Previous studies were mostly limited to the measurement of the local volume and thickness of PCAT due to the reliance on manual processes, which posed challenges in terms of efficiency and consistency. In this study, an innovative approach was employed utilizing algorithms embedded in the software for automatic processing. Specifically, a systematic four-step segmentation process was implemented prior to conducting measurements. These steps involved the detection of the heart and its anatomy, isolation of the heart, extraction of the centerline, and segmentation of the inner and outer vessel wall. Moreover, marginal space learning and steerable feature by Zheng et al. [28] were used for the detection of the heart and its anatomy. Both model— and data-driven approaches by Zheng et al. [29] that took prior information about vessel-specific regions of interest were used for heart isolation. Additionally, robust centerline extraction was facilitated, which was crucial for subsequent analysis. For inner wall segmentation, the algorithm was based on ray-casting and the analysis of a subsequent Markov random field graph with convex priors [30]. For the outer vessel wall, an adaptive self-learning edge model using a combination of 3D and 2D active contour models was employed [31]. It is worth noting that the algorithm mentioned above is currently the best-performing fully automatic approach on the Rotterdam Coronary Challenge leaderboard in their respective areas. These algorithms have undergone rigorous evaluation and have been proven to be efficient and accurate in their performance.
The results of this study showed that there were no significant differences in sex, smoking status, or many biochemical indicators between the two groups of patients. Only the age and the FAI of the patients showed significant differences; after adjusting for bias with the age of the patients as a covariate, the FAIs between the two groups of patients still showed significant differences. Moreover, the FAI of the patient group with adverse events was significantly higher than that of the group without adverse events, which may be due to the inhibition of the composition and content of perivascular fat by inflammatory factors around the coronary artery, resulting in changes in uptake and metabolic function [32,33]. These results are consistent with those of Hirata et al. [34], who found that the severity of coronary heart disease is correlated with the type and proportion of inflammatory cells in PCAT. However, there are differences between the two research methods, as shown in Table 4. Our research utilized machine learning to provide a simple, repeatable, and non-invasive approach to the overall changes in coronary artery FAI. These results can accurately reflect the overall changes in the patient’s coronary vascular status, and the operator requirements are lower. This machine learning-based approach has better prospects for popularization and utilization in clinical research.
The results of this study show that the FAI is a parameter that can more accurately reflect the vascular condition of patients in CAD compared to traditional high-risk factors such as BMI, age, sex, etc.
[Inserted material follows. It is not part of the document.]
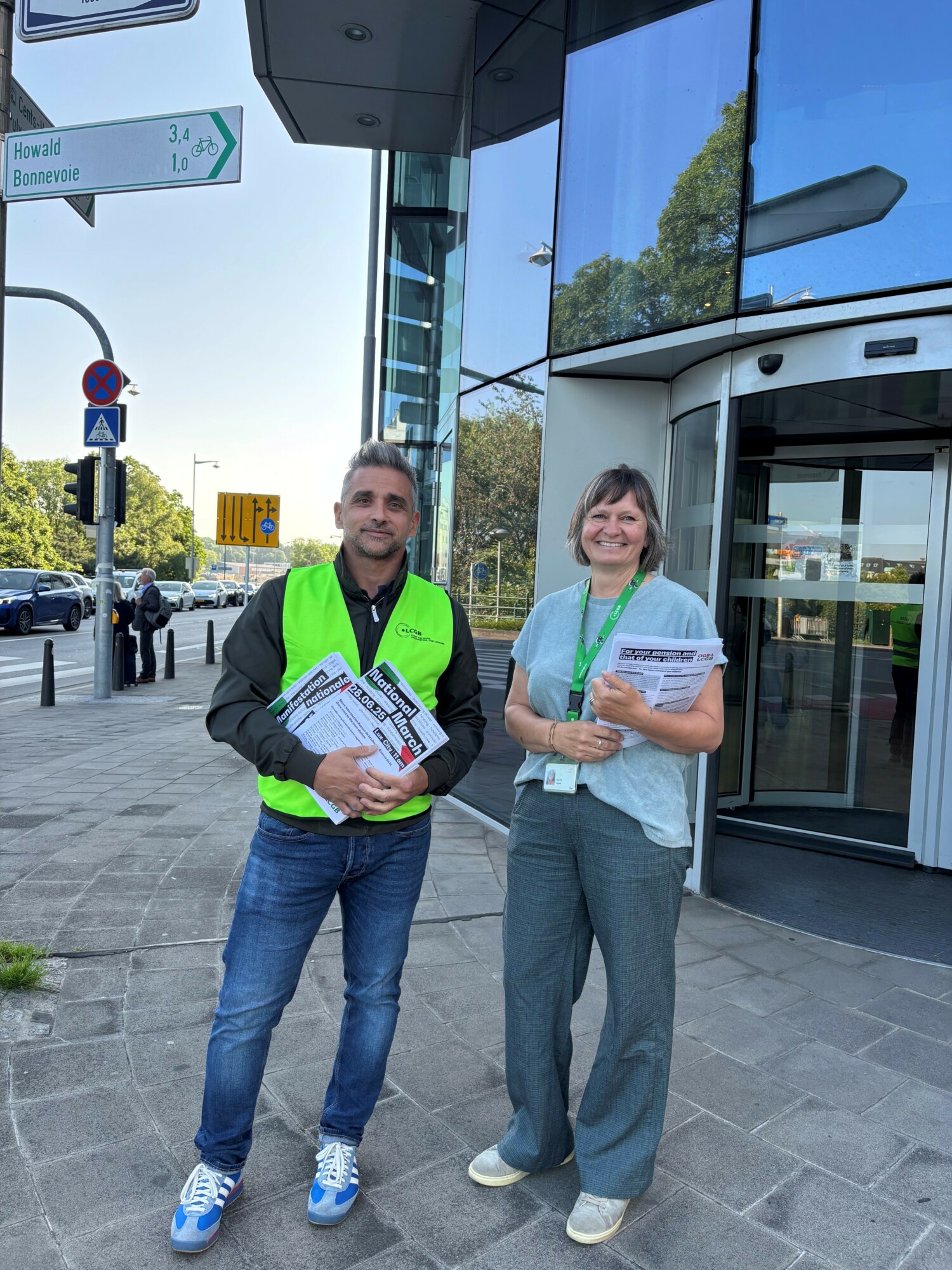 En vue de la grande manifestation nationale du 28 juin, les employés d’ArcelorMittal, Goodyear et Ceratizit ont manifesté leur solidarité pour notre modèle social, pour une société ouverte, solidaire et démocratique, pour l’égalité et la justice sociale ! Dans la rue maintenant. C’est le moment de lutter

The measurement of FAI enables clinicians to provide more reference information on patients’ coronary artery health in 2D (such as the extent of lumen stenosis, wall atherosclerosis, etc.). When the patient’s FAI increases, it indicates that they may have coronary inflammation. To prevent adverse coronary events from occurring, it is important to pay more attention to the patient and to follow up frequently, even if the degree of coronary stenosis is only mild or even non-existent. In previous coronary CCTA examinations, the subjective influence of diagnostic physicians was significant. However, using machine learning to measure FAI not only simplifies the operation and has high repeatability, but also significantly reduces the subjective judgment of operators, which greatly helps to improve the consistency of imaging reports.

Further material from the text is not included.